More Subjects
Student
Professor
Class
Day Month Year
Human Kidney Anatomy and Physiology
INTRODUCTION
The H&P-II topic that I selected to embrace thorough discussion is Human Kidney. This paper is concerned with the exploration, elaboration and documentation of kidney histology, its structure, function, complications, associated treatments and side effects. Conclusion section, in the end, will wrap whole text of the article into single paragraph deducing meaningful inferences from the textual activity.
Kidney Anatomy and Physiology
Image 1: Outside view of kidneys
Kidneys are an integral part of Urinary System. They are two in number and are located slightly backside of the abdominal cavity (Seely, 2017). Their average weight is approximately 4-5 ounce but the proportion of blood they receive surpasses other organs i.e., 20% of the blood pumped by the heart. Kidney is the production site of urine which is then poured into associated structures and eventually expelled out of the body (Piolanti et. al., 2015).
The blood supply in kidney takes place through renal artery which brings oxygenated blood whereas for the removal of processed blood from kidneys back to the circulation is accomplished through renal vein. The inner portion of the kidney is referred to as renal medulla whereas renal cortex makes up the outer region (Seely, 2017). Other portions include pyramids, renal papilla, renal sinus, minor calyx, major calyx and renal column that are labeled below:
Image 2: Structure of kidney with its labeled parts
Nephrons are the basic structural and functional units of kidney (Seely, 2017). Each kidney contains over millions of Nephrons—extending from medulla to cortex.
Image 3: Structure of Nephron and its labeled parts
Nephrons consist of Nephron tubule and glomerulus—a ball shaped capillary cluster exclusively responsible for the absorption of waste substances and water from the blood and prevention of large protein molecules and nutrients (Seely, 2017). On the other hand, Nephron tubule allows the re-absorption of useful substances back to the blood. Other parts of the Nephron are presented and labeled in Image 3.

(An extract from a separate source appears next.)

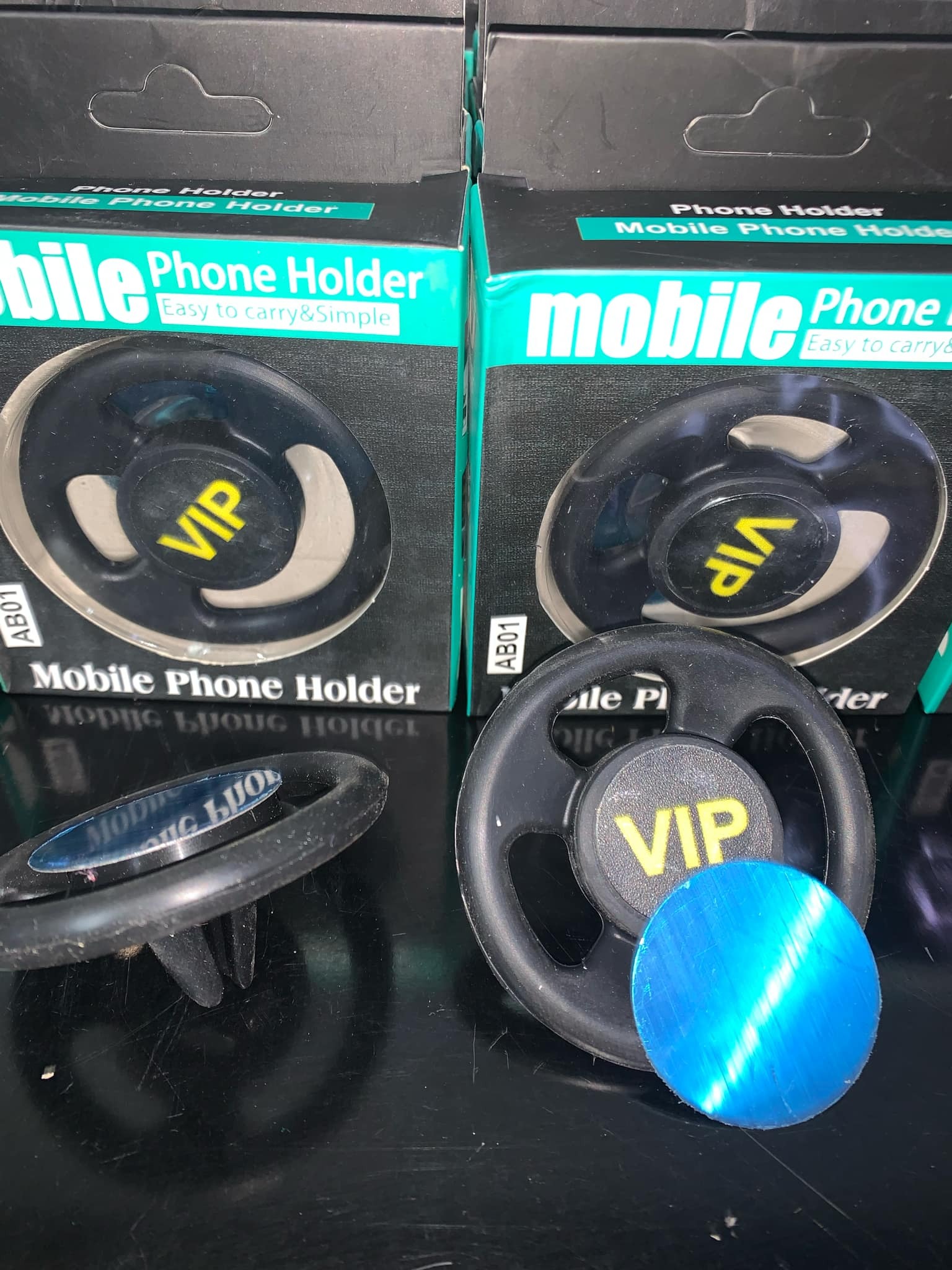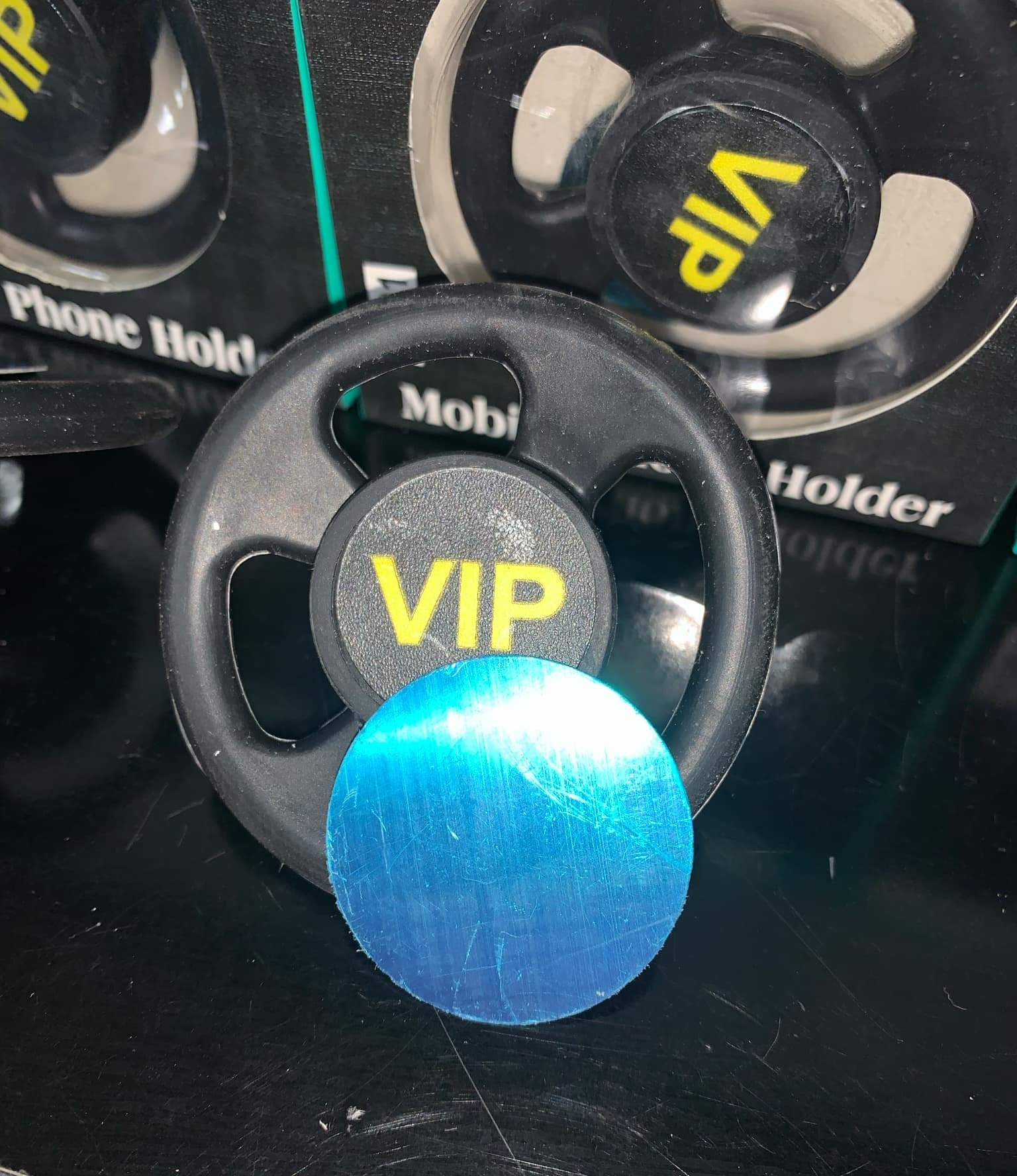 Livré avec une plaque métallique autocollante à coller au dos du téléphone ou de sa coque.

As far as histology of kidney is concerned, the renal parenchyma consists of four portions; blood vessels, interstitium, tubules and glomeruli. Glomeruli are complicated vascular structures made up of endothelial, epithelial, mesangial cells and capillaries tuft—arranged around strong basement membrane (Seely, 2017).
Image 4: Kidney histology
As far functions of kidneys are concerned, below is the detailed description of their primordial and secondary functioning. Their basic function is to maintain homeostasis and electrolyte balance however other wide range of functions is also performed by them:
1. Water excretion
Kidney removes various waste fluids and salts in urine and uric acid. Both the fluids contain waste materials absorbed from the blood after oxidation of food and its conversion to basic elements.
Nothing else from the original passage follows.